I solve similar problem using the parameter option in external nodes.
cheers,
Ohad
On Thu, Nov 13, 2008 at 7:47 PM, Mark Drayton <[EMAIL PROTECTED]> wrote:
>
> Hi there
>
> In common with many of you, we run various types of server
> (webservers, mail gateways, etc) in several datacentres. I can't work
> out a clean way to configure location-specific variables in otherwise
> identically-configured servers. These location-dependent settings are
> used in many modules: e.g., the HTTP proxy name is needed by yum,
> Apache, Squid, etc.
>
> At the moment I'm using a pretty clumsy-feeling set of custom facts. I
> have a $location fact that determines the location from $domain and
> then installs a specific /etc/facts.txt file containing the location-
> specific settings, which are turned into Facter variables using
> another custom fact. This sort of works, but it's not ideal: what if
> the domain name doesn't match the location? It also falls flat on its
> face during the bootstrap run; I need to configure yum to use a proxy
> in the first instance, but I don't know the proxy name until I've run
> Puppet once to fact sync and then a second time to use the facts. It
> all feels very brittle.
>
> I could set global variables in the node definitions:
>
> node "web1.london.my.domain" {
> include apache
> include sendmail
> $httpproxy = "http-proxy.london.my.domain"

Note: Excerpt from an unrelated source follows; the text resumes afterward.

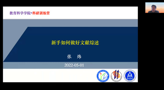 (通讯员 张睿思)为提升科研训练营成员基本学术素养,科研训练营于2022年5月1日9:00召开主题为《如何做好文献综述》的线上学术讲座,我院副院长张炜教授主讲,学生助理张睿思主持讲座。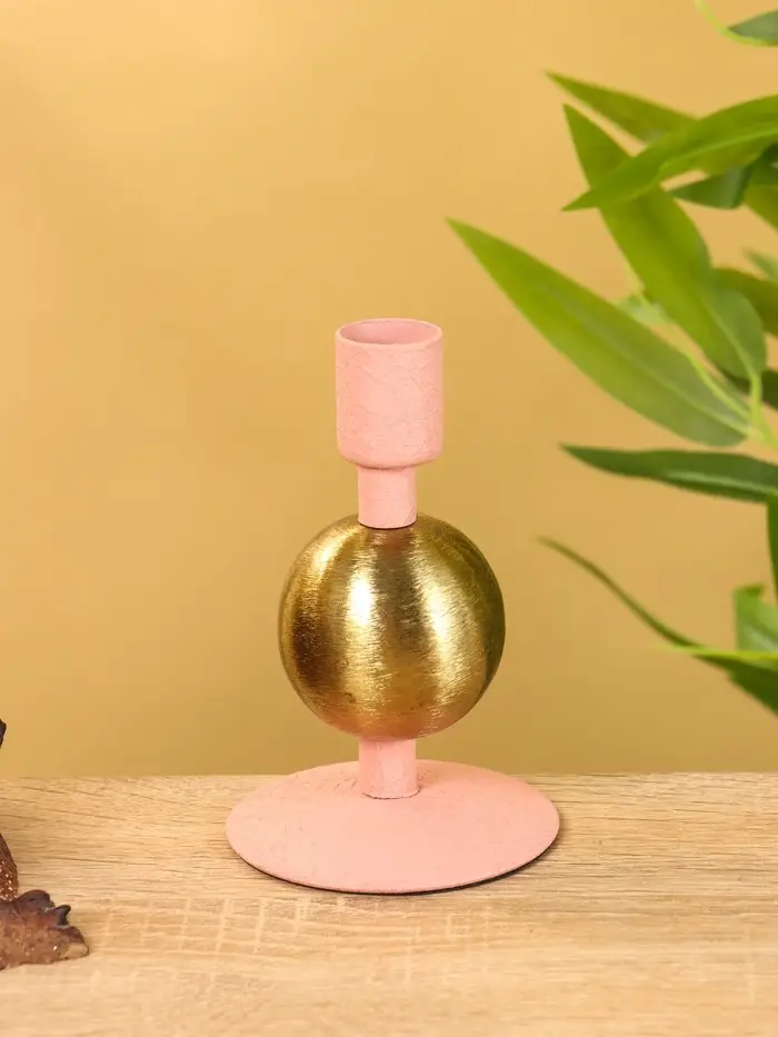 Подсвечник на 1 свечу текстурный "Пудровый" с 1 сферой 7,5х7,5х11,5 см

> $dnsservers = ["10.1.1.1", "10.1.1.2"]
> }
>
> node "web1.ny.my.domain" {
> include apache
> include sendmail
> $httpproxy = "http-proxy.ny.my.domain"
> $dnsservers = ["10.2.2.1", "10.2.2.2"]
> }
>
> This doesn't seem very Puppety to me. I'd prefer:
>
> node "web1.london.my.domain" {
> include apache
> include sendmail
> include location::london
> }
>
> node "web1.ny.my.domain" {
> include apache
> include sendmail
> include location::ny
> }
>
> Where the appropriate location class somehow informs other classes
> that need to make changes based on the node's location. Obviously
> setting variables inside location will scope them to location, where
> apache:: and friends can't see them. And I don't particularly like
> setting a slew of global variables for every node (yeah, LDAP or
> external nodes would help; they're on the todo list) -- it's not very
> DRY.
>
> So, how're you coping with this?
>
> Cheers,
>
> Mark
>
> PS I know, I should configure my HTTP proxy name to be http-proxy.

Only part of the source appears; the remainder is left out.